▸ **Listed records**
________________________________________
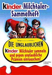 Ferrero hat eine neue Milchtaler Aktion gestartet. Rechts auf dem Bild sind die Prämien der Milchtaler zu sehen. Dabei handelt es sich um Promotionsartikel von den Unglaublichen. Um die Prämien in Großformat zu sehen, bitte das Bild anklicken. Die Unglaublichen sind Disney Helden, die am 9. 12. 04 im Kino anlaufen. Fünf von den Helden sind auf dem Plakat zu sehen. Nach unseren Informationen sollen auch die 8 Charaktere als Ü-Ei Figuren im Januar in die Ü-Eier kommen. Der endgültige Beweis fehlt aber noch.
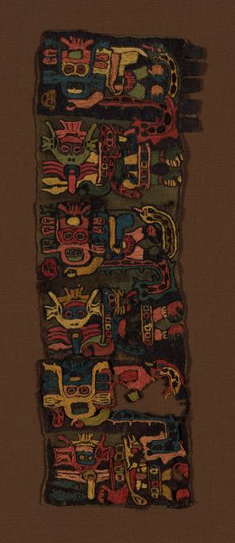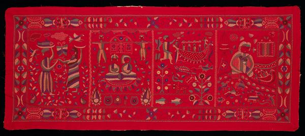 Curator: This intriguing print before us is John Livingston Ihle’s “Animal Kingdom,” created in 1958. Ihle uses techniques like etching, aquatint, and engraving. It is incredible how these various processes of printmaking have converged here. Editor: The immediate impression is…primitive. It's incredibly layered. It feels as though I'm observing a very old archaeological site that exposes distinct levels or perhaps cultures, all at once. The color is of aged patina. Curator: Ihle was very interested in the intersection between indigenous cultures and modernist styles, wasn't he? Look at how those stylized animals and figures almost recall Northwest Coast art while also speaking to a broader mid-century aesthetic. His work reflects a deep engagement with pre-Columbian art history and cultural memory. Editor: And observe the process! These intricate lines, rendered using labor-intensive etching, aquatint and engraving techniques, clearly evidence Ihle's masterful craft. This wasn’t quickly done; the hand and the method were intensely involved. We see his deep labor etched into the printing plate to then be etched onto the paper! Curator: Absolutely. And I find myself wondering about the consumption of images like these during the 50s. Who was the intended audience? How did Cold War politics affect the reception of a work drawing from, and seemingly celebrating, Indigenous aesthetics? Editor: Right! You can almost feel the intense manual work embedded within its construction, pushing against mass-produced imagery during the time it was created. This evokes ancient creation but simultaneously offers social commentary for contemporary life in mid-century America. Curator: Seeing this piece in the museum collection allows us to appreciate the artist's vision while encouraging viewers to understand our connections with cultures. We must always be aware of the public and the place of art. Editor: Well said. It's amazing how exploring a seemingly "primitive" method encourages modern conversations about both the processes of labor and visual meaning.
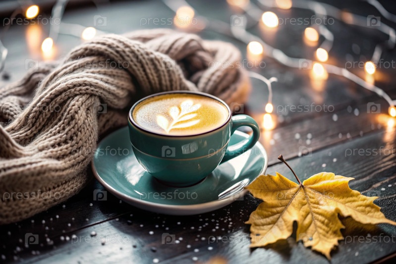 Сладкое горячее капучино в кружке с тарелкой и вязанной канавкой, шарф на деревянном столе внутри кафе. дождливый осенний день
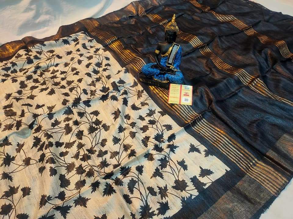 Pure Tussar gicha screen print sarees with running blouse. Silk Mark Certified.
________________________________________
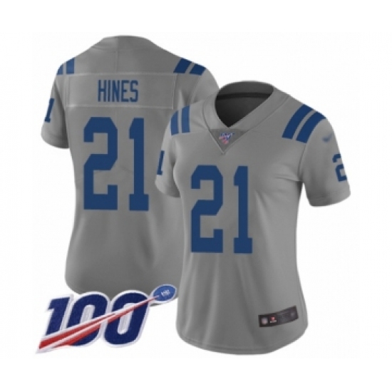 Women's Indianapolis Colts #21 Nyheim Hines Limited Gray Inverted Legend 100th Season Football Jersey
________________________________________
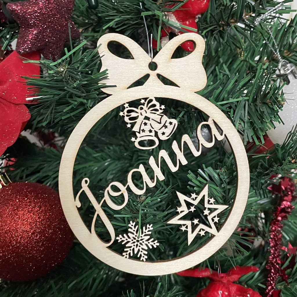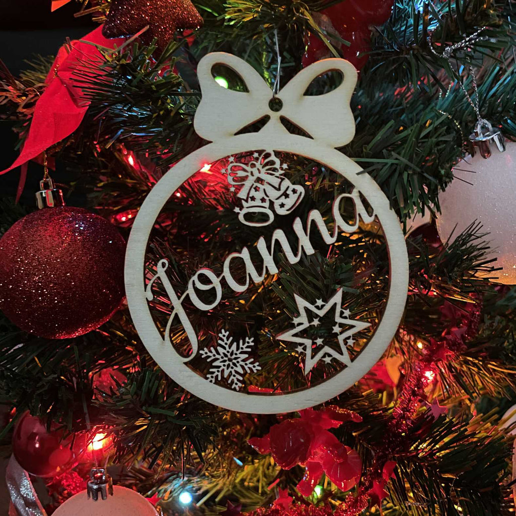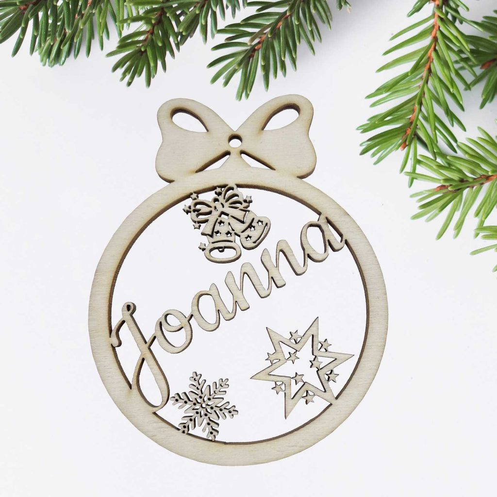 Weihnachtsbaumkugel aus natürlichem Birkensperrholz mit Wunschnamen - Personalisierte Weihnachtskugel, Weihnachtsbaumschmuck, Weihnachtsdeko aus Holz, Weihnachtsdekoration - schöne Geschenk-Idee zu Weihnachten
________________________________________
▸ **Work item**
What you write must match the listing exactly, from the line with "Сладкое горячее капучино" up to and including the line with "Pure Tussar gicha". Pictures stay out.

▸ **Response area**
 Сладкое горячее капучино в кружке с тарелкой и вязанной канавкой, шарф на деревянном столе внутри кафе. дождливый осенний день
 Pure Tussar gicha screen print sarees with running blouse. Silk Mark Certified.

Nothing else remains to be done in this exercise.